◆ **Stored data**
::::

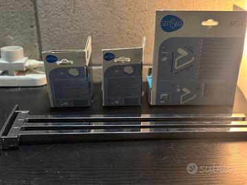 Set di accessori bagno della serie "Sensea Qaddro" in cromo lucido mai montati ancora nella confezione originale.
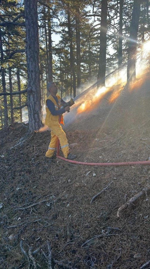 Ekipler, havadan ve karadan müdahaleyle yangını kontrol altına aldı.
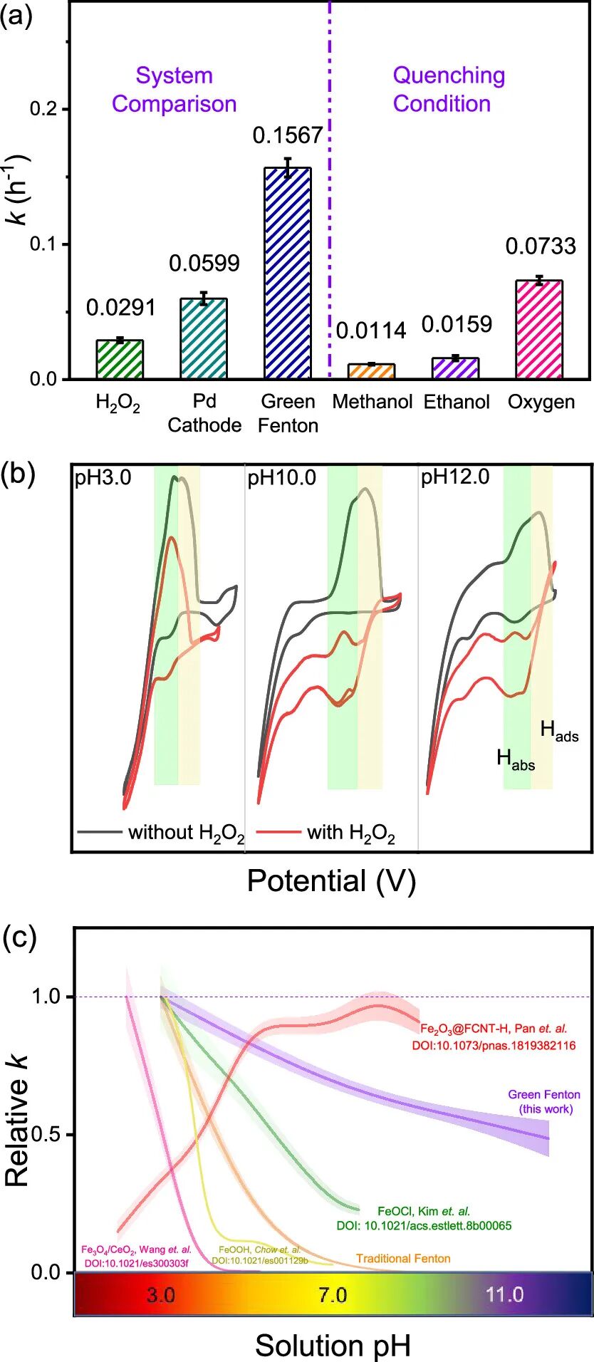 图4. (a) 绿色芬顿的相关过程的一级动力学常数比较;(b) 不同pH值条件下对Pd电极的CV扫描;(c)绿色芬顿受pH值的影响
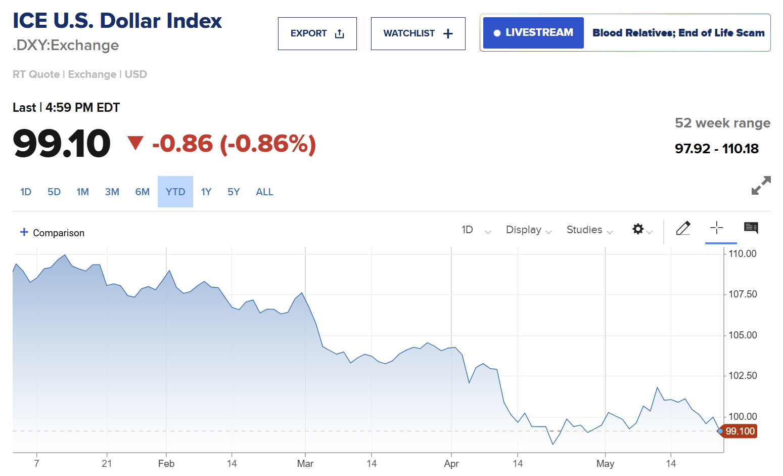 承压的美元资产不仅仅是美债。据彭博社报道,货币期权交易员对美元未来一年走势的看空情绪达到历史顶峰。本周,ICE美元指数再度跌至100整数关口下方,从年内高点已下跌约10%。美国商品期货交易委员会的数据显示,投机者所持美元净空头头寸达173.2亿美元,接近2023年7月以来最高水平。

::::

All that the answer may contain is the exact text of the lines from the one with "图4. (a) 绿色芬顿的相关过程的一级动力学常数比较;(b)" through the last line of the material, pictures excluded.

◆ **Answer to the problem**
 图4. (a) 绿色芬顿的相关过程的一级动力学常数比较;(b) 不同pH值条件下对Pd电极的CV扫描;(c)绿色芬顿受pH值的影响
 承压的美元资产不仅仅是美债。据彭博社报道,货币期权交易员对美元未来一年走势的看空情绪达到历史顶峰。本周,ICE美元指数再度跌至100整数关口下方,从年内高点已下跌约10%。美国商品期货交易委员会的数据显示,投机者所持美元净空头头寸达173.2亿美元,接近2023年7月以来最高水平。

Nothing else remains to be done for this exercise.